The alternating direction method of multipliers, ADMM, uses the augmented Lagrangian, \({{{\mathcal {L}}} }(x,{\tilde{R}},{\tilde{Z}})\), and essentially solves the max-min problem

$$\begin{aligned} \max _{{\tilde{Z}}} \min _{x\in P,{\tilde{R}} \succeq 0}{{{\mathcal {L}}} }(x,{\tilde{R}},{\tilde{Z}}), \end{aligned}$$

where P is a simple polyhedral set of constraints on x, e.g., linear constraints \(Ax=b\) and nonnegativity constraints, see (4.3) below. The advantage of the method is the simplifications obtained for the constraints by taking advantage of the splitting in the variables. We then find the following updates \((x_+,{\tilde{R}}_+,{\tilde{Z}}_+)\):

$$\begin{aligned} x_+&= \arg \min _{x \in P} {{{\mathcal {L}}} }(x,{\tilde{R}},{\tilde{Z}}), \\ {\tilde{R}}_+&= \arg \min _{{\tilde{R}} \succeq 0 } {{{\mathcal {L}}} }(x_+,{\tilde{R}},{\tilde{Z}}), \\ {\tilde{Z}}_+&= {\tilde{Z}} + \gamma \beta ({\tilde{\mathbf{{\mathcal {B}}} }}^*(x_+) - {\tilde{V}}{\tilde{R}}_+{\tilde{V}}^{T}). \end{aligned}$$

Here, \(\gamma \in (0, \frac{1+\sqrt{5}}{2})\) is the step size for updating the dual variable \({\tilde{Z}}\). In the following sections we explain in details how to solve each subproblem.
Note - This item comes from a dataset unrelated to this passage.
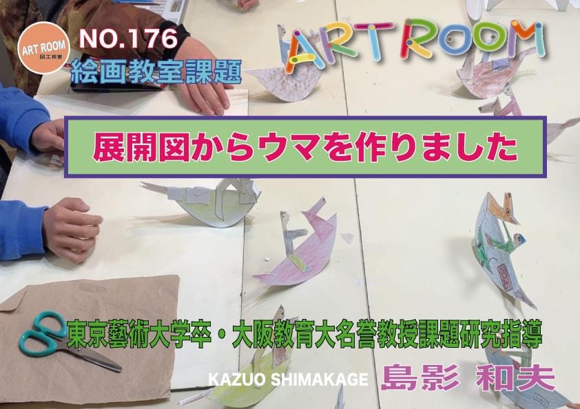 図画・工作は一人ひとりの子どもの個性・独創性を大切にする教科です。アートルームは、大阪教育大学名誉教授(東京藝術大学美術学部卒)島影和夫が毎回異なった課題を作成し4才から6年生までが「たてわりクラス」で学ぶ絵画教室です。様々な造形活動を通して自ら積極的に考え、秩序立てて完成させて行く力をつけます。年齢・経験の異なった子どもたちの絵や工作を比べたり、賞を取るために展覧会等に出品することもありません。図画・工作から他の教科へ関連を付けて学びます

4.2 On solving the \({{\tilde{R}}}\)-subproblem

The \({{\tilde{R}}}\)-subproblem can be explicitly solved. We complete the square and get the equivalent problem

$$\begin{aligned} \begin{array}{cll} {{\tilde{R}}}_+ &{}= &{} \min \limits _{{{\tilde{R}}} \succeq 0} ||{\tilde{\mathbf{{\mathcal {B}}} }}^*(x) - {\tilde{V}}{{\tilde{R}}}{\tilde{V}}^{T} + \frac{1}{\beta } {\tilde{Z}}||^{2} \\ &{}= &{} \min \limits _{{{\tilde{R}}} \succeq 0} ||{{\tilde{R}}} - {\tilde{V}}^{T}({\tilde{\mathbf{{\mathcal {B}}} }}^*(x)+ \frac{1}{\beta } {\tilde{Z}}){\tilde{V}}||^{2} \\ &{}= &{} \sum _{k=1}^{t} \min \limits _{{{\tilde{R}}}_{k} \succeq 0} ||\tilde{R}_{k} - \big ({\tilde{V}}^{T}({\tilde{\mathbf{{\mathcal {B}}} }}^*(x)+ \frac{1}{\beta } {\tilde{Z}}){\tilde{V}}\big )_{k}||^{2}. \end{array} \end{aligned}$$

(4.1)

Here, we normalize each block \({\tilde{V}}_k\) such that \({\tilde{V}}_k^T {\tilde{V}}_k=I\), and thus \(\big ({\tilde{V}}^{T}({\tilde{\mathbf{{\mathcal {B}}} }}^*(x)+ \frac{1}{\beta } {\tilde{Z}}){\tilde{V}}\big )_{k}\) is the k-th block of \({\tilde{V}}^{T}({\tilde{\mathbf{{\mathcal {B}}} }}^*(x)+ \frac{1}{\beta } {\tilde{Z}}){\tilde{V}}\) corresponding to \({{\tilde{R}}}_{k}\). So we only need to solve k small problems whose optimal solutions are

$$\begin{aligned} {{\tilde{R}}}_{k} = {\mathcal {P}}_{{\mathbb {S}}_+}\left( {\tilde{V}}^{T}({\tilde{\mathbf{{\mathcal {B}}} }}^*(x)+ \frac{1}{\beta } {\tilde{Z}}){\tilde{V}}\right) _{k}, \quad k=1,\ldots ,t, \end{aligned}$$

where \({\mathcal {P}}_{{\mathbb {S}}_+}(M)\) is the projection onto the cone of positive semidefinite matrices.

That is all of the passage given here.